== Segment start ==

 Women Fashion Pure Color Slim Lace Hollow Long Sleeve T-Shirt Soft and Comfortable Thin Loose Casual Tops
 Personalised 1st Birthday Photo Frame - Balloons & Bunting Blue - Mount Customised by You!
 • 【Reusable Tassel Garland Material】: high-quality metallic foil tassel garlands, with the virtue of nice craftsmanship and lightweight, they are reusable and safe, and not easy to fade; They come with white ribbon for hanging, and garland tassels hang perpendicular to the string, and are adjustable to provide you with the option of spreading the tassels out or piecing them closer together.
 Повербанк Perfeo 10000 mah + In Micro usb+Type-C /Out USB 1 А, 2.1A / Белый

== Segment end ==
== Segment start ==

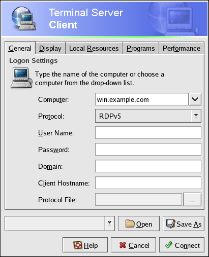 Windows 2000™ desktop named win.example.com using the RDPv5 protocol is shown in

== Segment end ==

What you are asked to do
Using the entries above, extract exactly the span from the line with "Women Fashion Pure" to the line with "Повербанк Perfeo 10000", both lines included; leave out everything else.

Solution to this task
 Women Fashion Pure Color Slim Lace Hollow Long Sleeve T-Shirt Soft and Comfortable Thin Loose Casual Tops
 Personalised 1st Birthday Photo Frame - Balloons & Bunting Blue - Mount Customised by You!
 • 【Reusable Tassel Garland Material】: high-quality metallic foil tassel garlands, with the virtue of nice craftsmanship and lightweight, they are reusable and safe, and not easy to fade; They come with white ribbon for hanging, and garland tassels hang perpendicular to the string, and are adjustable to provide you with the option of spreading the tassels out or piecing them closer together.
 Повербанк Perfeo 10000 mah + In Micro usb+Type-C /Out USB 1 А, 2.1A / Белый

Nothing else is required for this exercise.